#### DATA SECTION
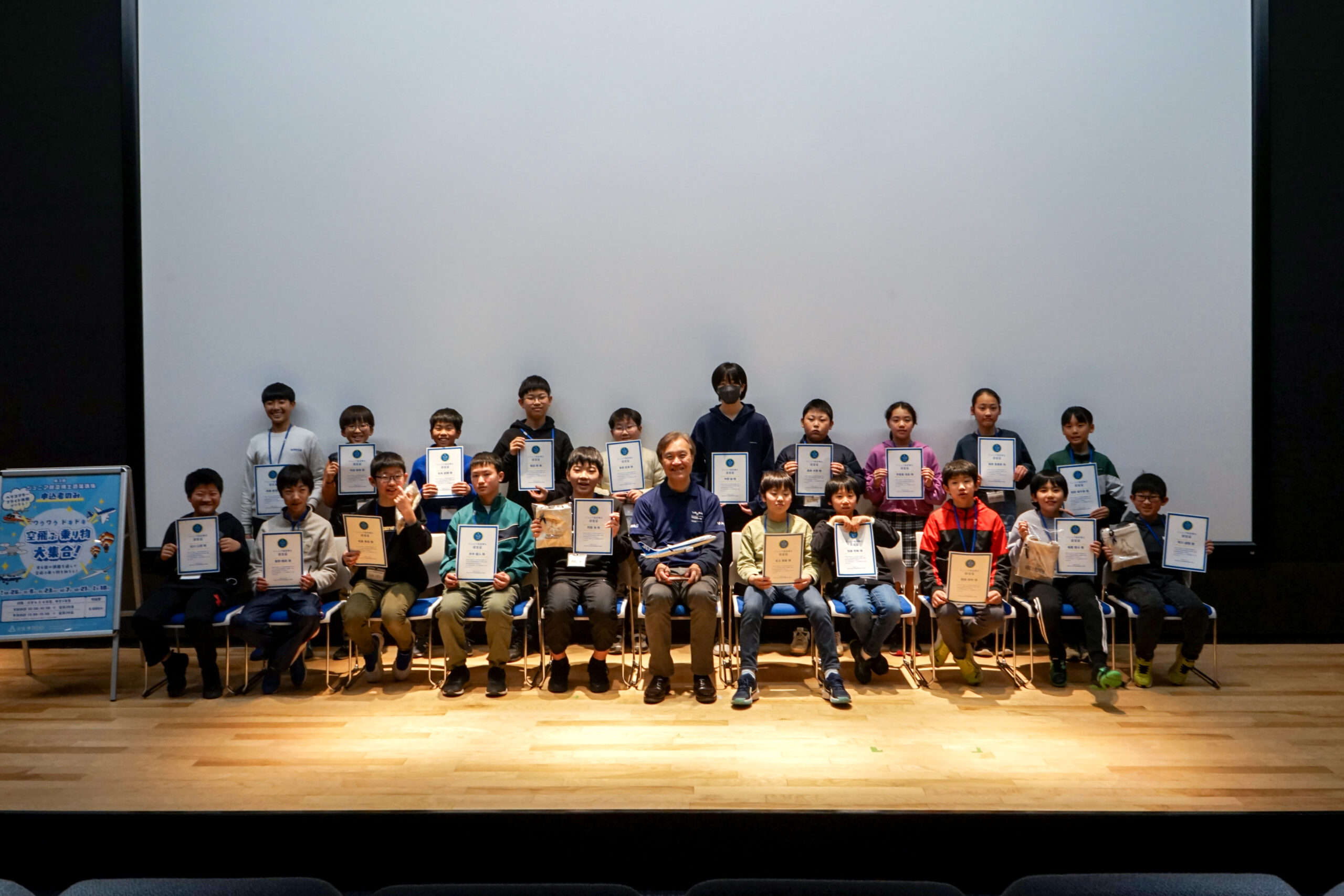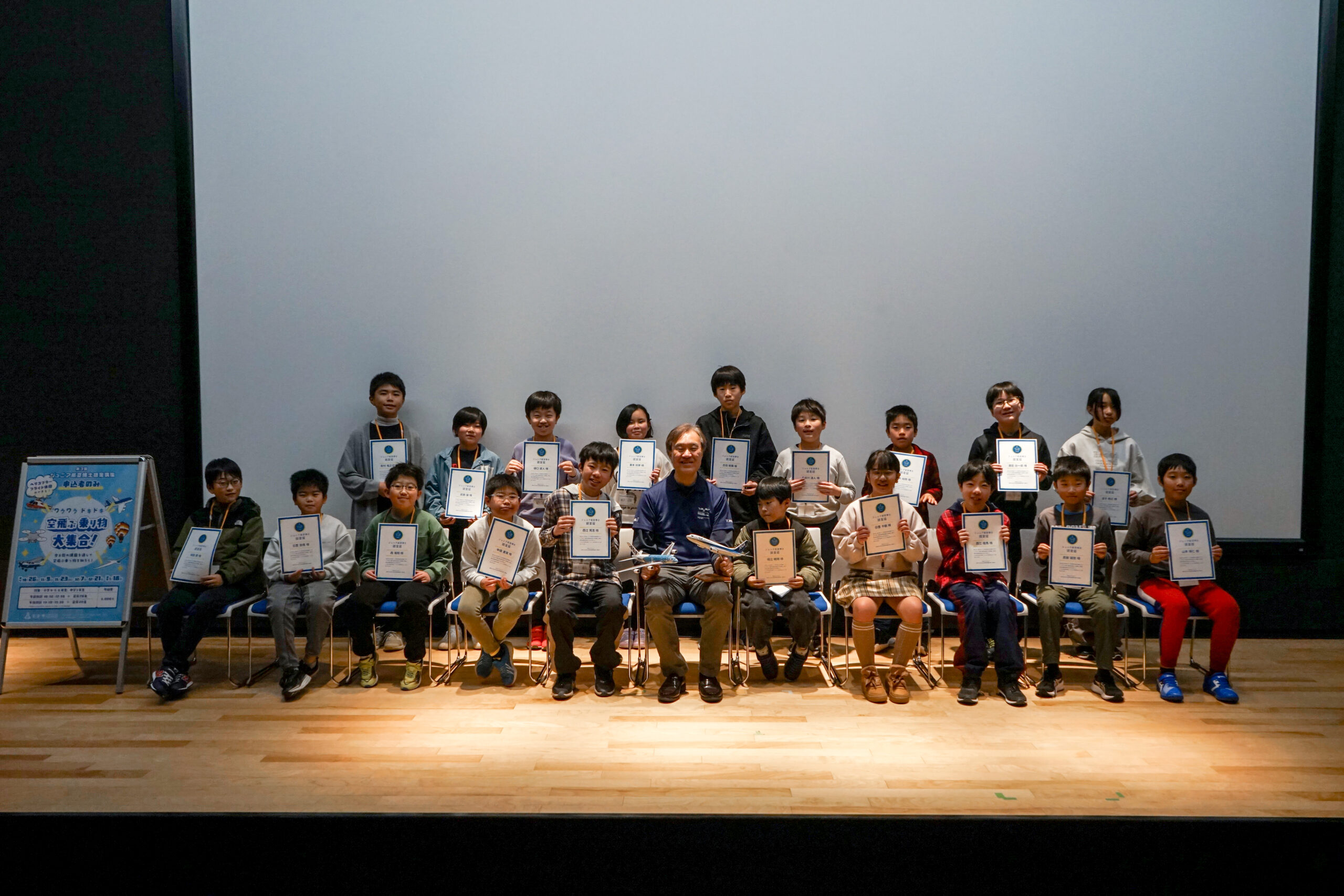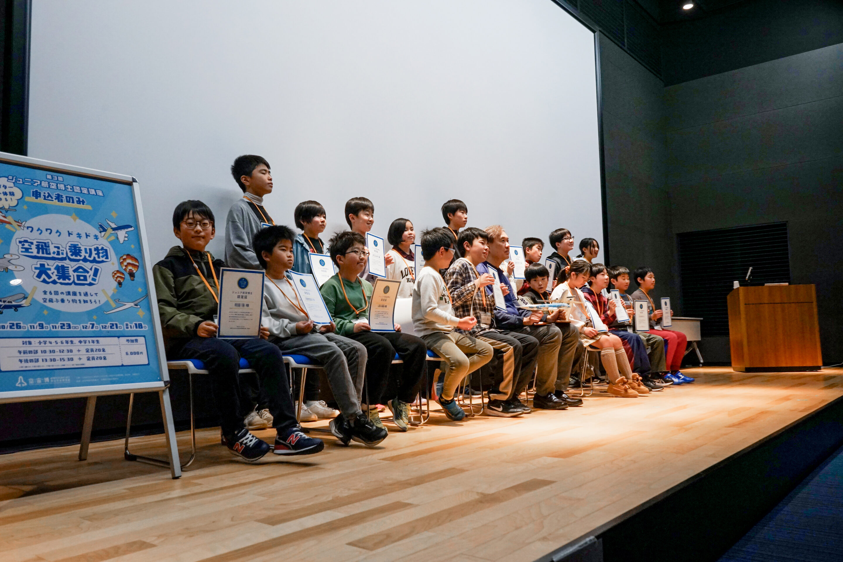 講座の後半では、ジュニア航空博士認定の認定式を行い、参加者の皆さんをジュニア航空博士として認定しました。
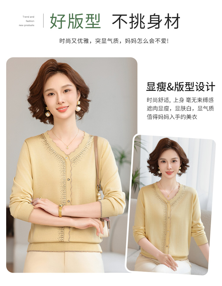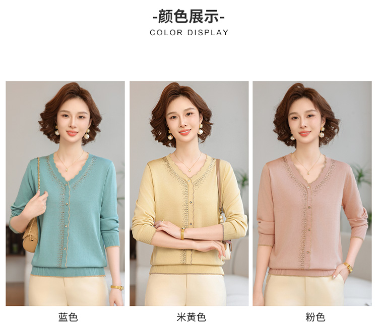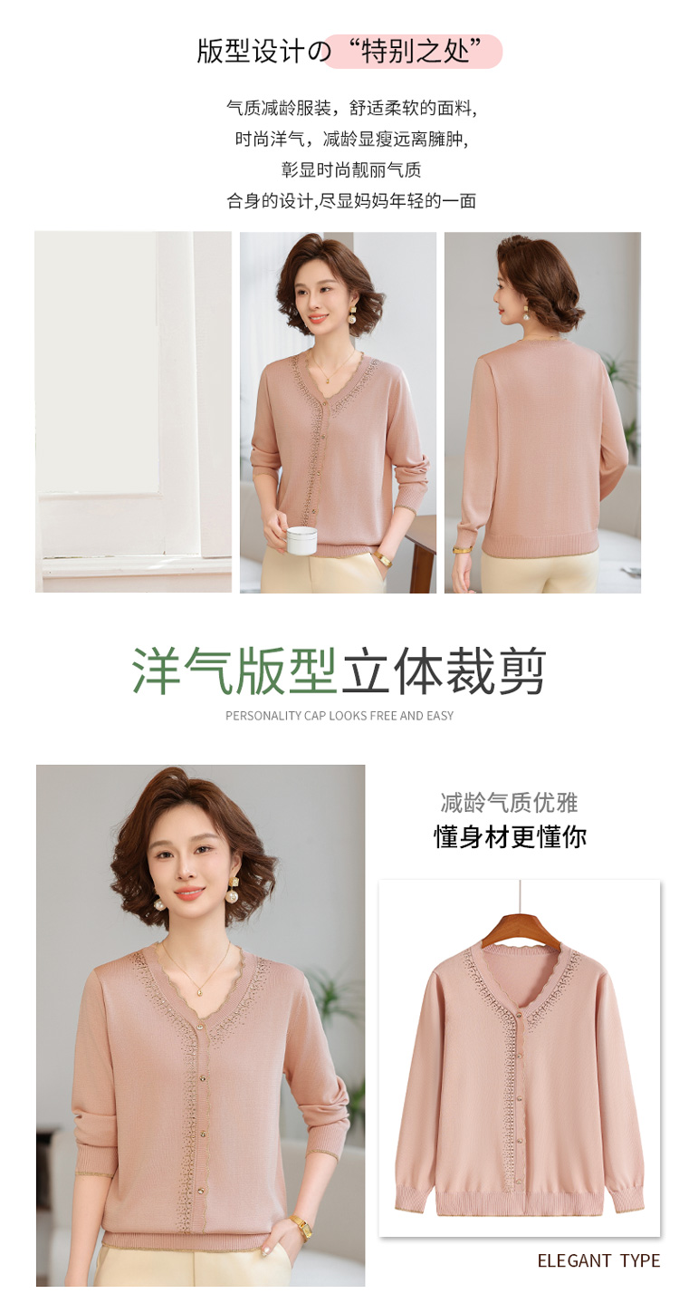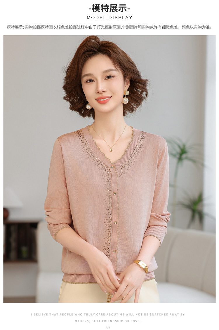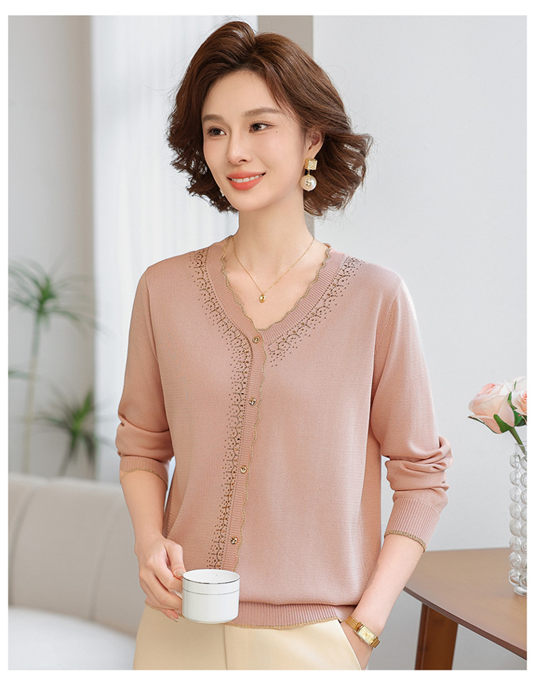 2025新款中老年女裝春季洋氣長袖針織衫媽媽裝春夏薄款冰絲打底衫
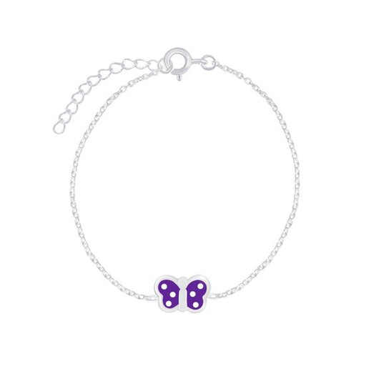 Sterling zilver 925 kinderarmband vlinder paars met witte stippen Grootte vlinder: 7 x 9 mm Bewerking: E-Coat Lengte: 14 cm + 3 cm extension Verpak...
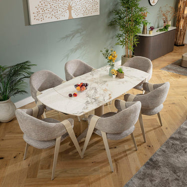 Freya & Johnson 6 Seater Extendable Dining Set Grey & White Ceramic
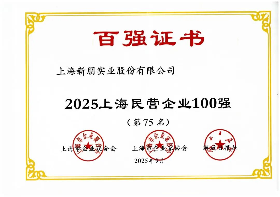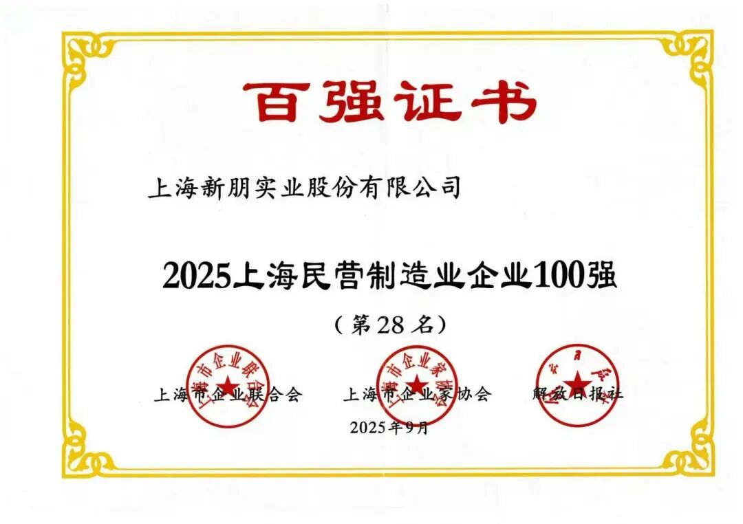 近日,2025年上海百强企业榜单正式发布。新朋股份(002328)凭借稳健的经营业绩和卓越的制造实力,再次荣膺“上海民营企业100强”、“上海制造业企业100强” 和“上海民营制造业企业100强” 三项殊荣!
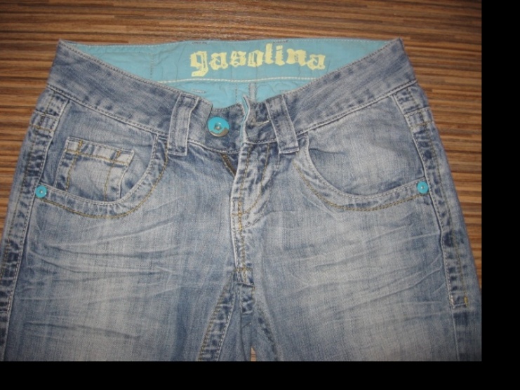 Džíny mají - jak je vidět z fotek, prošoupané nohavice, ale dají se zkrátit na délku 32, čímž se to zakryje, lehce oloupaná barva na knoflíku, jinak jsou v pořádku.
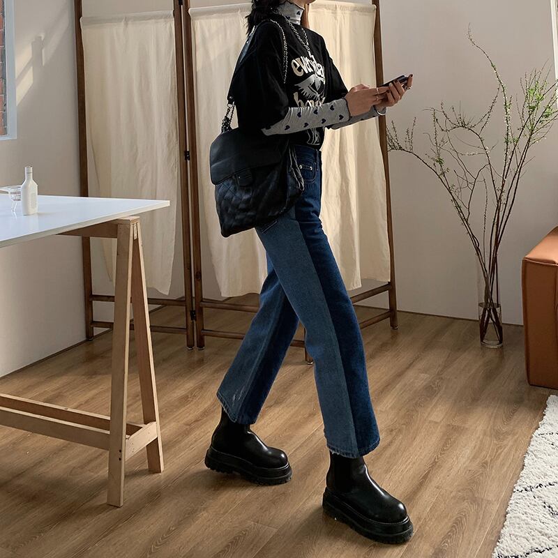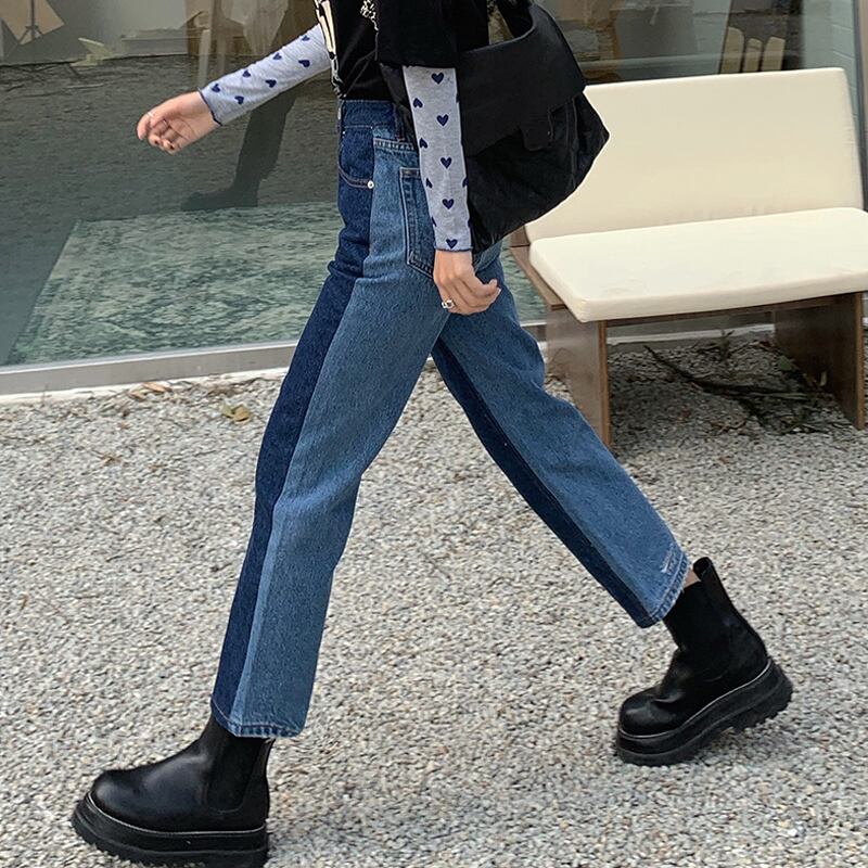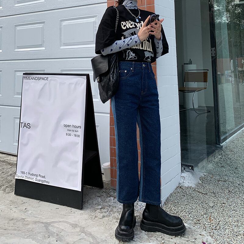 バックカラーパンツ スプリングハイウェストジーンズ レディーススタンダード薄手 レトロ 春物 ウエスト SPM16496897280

#### YOUR OBJECTIVE
Give again exactly the lines from the one holding "Sterling zilver 925" to the final line of the records, both ends included, and nothing more. Pictures do not belong in the copy.

#### ANSWER BOX
 Sterling zilver 925 kinderarmband vlinder paars met witte stippen Grootte vlinder: 7 x 9 mm Bewerking: E-Coat Lengte: 14 cm + 3 cm extension Verpak...
 Freya & Johnson 6 Seater Extendable Dining Set Grey & White Ceramic
 近日,2025年上海百强企业榜单正式发布。新朋股份(002328)凭借稳健的经营业绩和卓越的制造实力,再次荣膺“上海民营企业100强”、“上海制造业企业100强” 和“上海民营制造业企业100强” 三项殊荣!
 Džíny mají - jak je vidět z fotek, prošoupané nohavice, ale dají se zkrátit na délku 32, čímž se to zakryje, lehce oloupaná barva na knoflíku, jinak jsou v pořádku.
 バックカラーパンツ スプリングハイウェストジーンズ レディーススタンダード薄手 レトロ 春物 ウエスト SPM16496897280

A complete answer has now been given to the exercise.